* [Data for this exercise]:
○ ○ ○ ○ ○ ○ ○

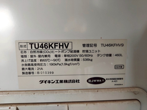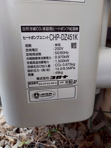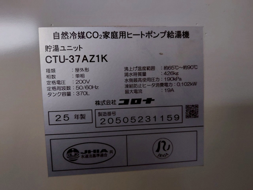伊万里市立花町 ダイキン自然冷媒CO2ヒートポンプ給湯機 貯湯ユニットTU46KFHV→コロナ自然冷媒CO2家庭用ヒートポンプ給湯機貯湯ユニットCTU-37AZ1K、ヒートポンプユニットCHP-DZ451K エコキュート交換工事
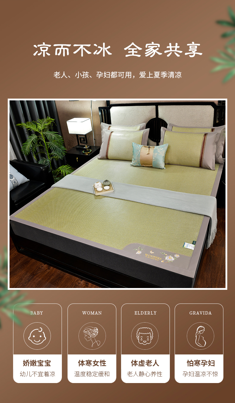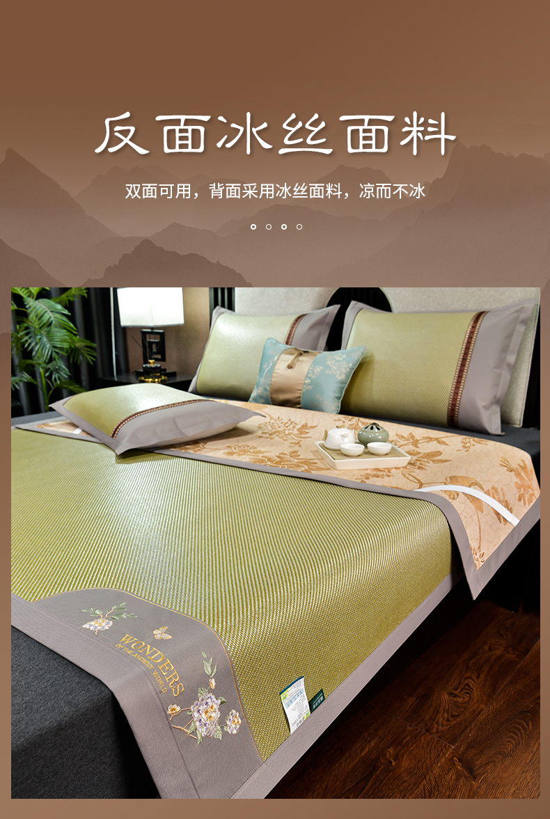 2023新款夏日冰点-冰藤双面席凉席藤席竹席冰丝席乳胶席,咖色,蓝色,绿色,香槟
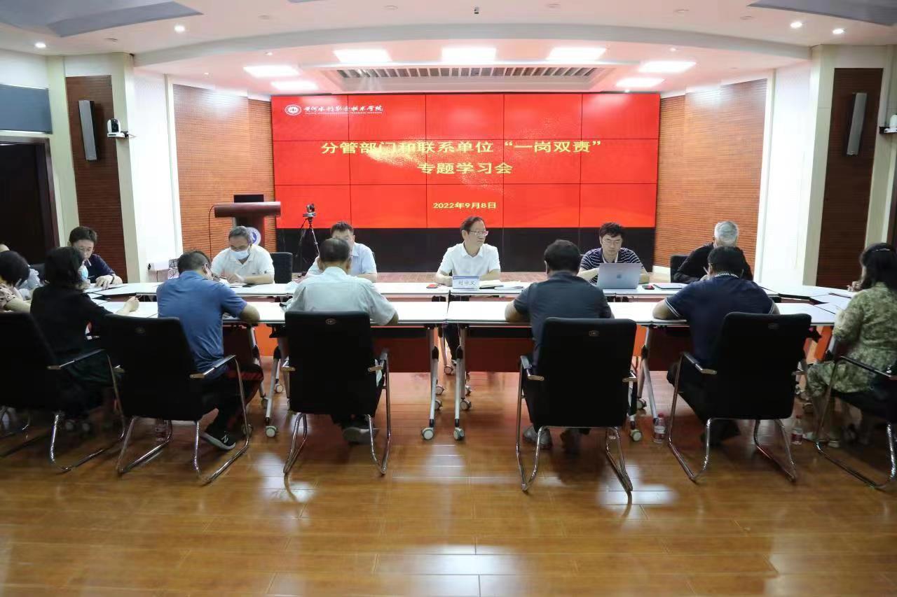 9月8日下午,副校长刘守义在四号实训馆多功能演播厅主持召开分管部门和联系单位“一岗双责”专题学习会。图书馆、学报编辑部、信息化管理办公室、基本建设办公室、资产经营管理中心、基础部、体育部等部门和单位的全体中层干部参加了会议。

○ ○ ○ ○ ○ ○ ○

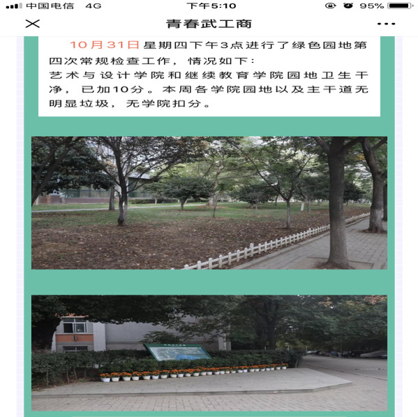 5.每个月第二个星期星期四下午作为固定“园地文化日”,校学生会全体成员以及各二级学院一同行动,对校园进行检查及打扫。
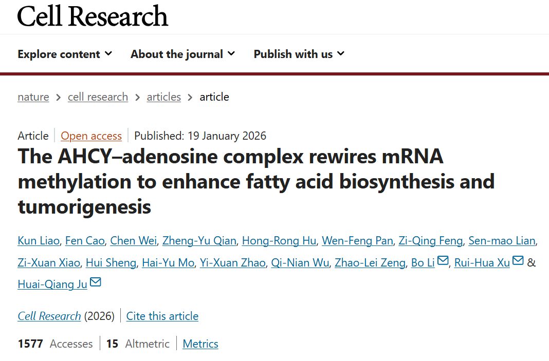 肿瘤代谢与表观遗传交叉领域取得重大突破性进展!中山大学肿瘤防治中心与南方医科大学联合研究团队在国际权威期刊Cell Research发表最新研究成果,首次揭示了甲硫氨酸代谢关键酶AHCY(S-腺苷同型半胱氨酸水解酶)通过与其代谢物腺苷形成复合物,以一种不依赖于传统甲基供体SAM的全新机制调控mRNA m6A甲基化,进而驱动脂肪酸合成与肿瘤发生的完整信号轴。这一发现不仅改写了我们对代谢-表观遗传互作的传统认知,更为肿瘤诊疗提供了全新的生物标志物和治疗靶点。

○ ○ ○ ○ ○ ○ ○

* [Activity]: In the listing above, find the line with "2023新款夏日冰点-冰藤双" and output it and every line after it up to and including the line with "9月8日下午,副校长刘守义在", exactly, minus the pictures.

* [Written reply]:
 2023新款夏日冰点-冰藤双面席凉席藤席竹席冰丝席乳胶席,咖色,蓝色,绿色,香槟
 9月8日下午,副校长刘守义在四号实训馆多功能演播厅主持召开分管部门和联系单位“一岗双责”专题学习会。图书馆、学报编辑部、信息化管理办公室、基本建设办公室、资产经营管理中心、基础部、体育部等部门和单位的全体中层干部参加了会议。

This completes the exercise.